On Thu, Aug 09, 2018 at 12:54:09PM +1000, Rashmica Gupta wrote:
> When hot-removing memory release_mem_region_adjustable() splits
> iomem resources if they are not the exact size of the memory being
> hot-deleted. Adding this memory back to the kernel adds a new
> resource.
> 
> Eg a node has memory 0x0 - 0xfffffffff. Offlining and hot-removing
> 1GB from 0xf40000000 results in the single resource 0x0-0xfffffffff being
> split into two resources: 0x0-0xf3fffffff and 0xf80000000-0xfffffffff.
> 
> When we hot-add the memory back we now have three resources:
> 0x0-0xf3fffffff, 0xf40000000-0xf7fffffff, and 0xf80000000-0xfffffffff.
> 
> Now if we try to remove some memory that overlaps these resources,
> like 2GB from 0xf40000000, release_mem_region_adjustable() fails as it
> expects the chunk of memory to be within the boundaries of a single
> resource.
> 
> This patch adds a function request_resource_and_merge().
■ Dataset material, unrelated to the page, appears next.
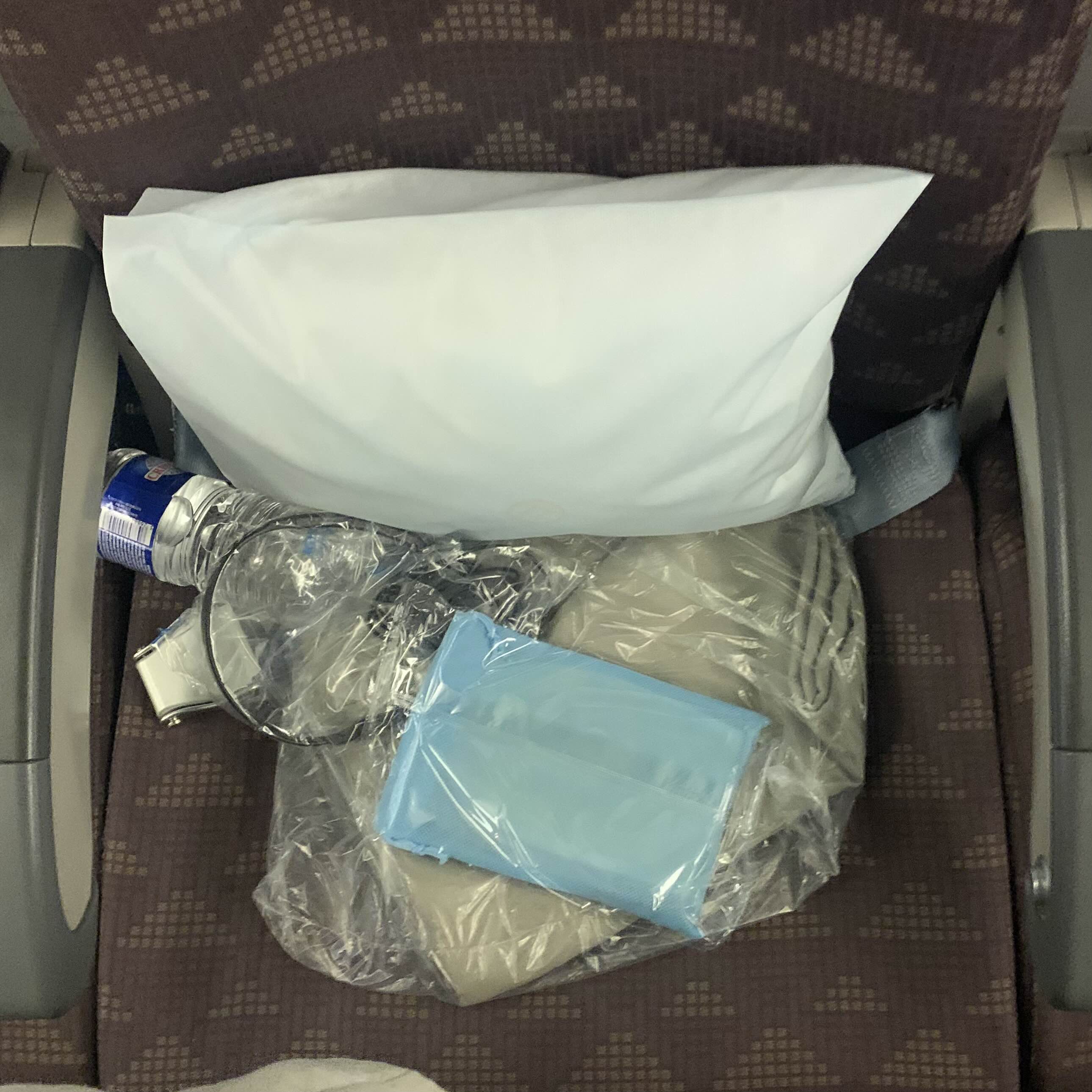 기본으로 쿠션+담요+파란색파우치 안에 슬리퍼와 치약/칫솔+물이 놓여져있습니다!

This is called
> instead of request_resource_conflict() when registering a resource in
> add_memory(). It calls request_resource_conflict() and if hot-removing is
> enabled (if it isn't we won't get resource fragmentation) we attempt to
> merge contiguous resources on the node.
> 
> Signed-off-by: Rashmica Gupta <rashmica.g@gmail.com>

Hi Rashmica,

Unfortunately this patch breaks memory-hotplug.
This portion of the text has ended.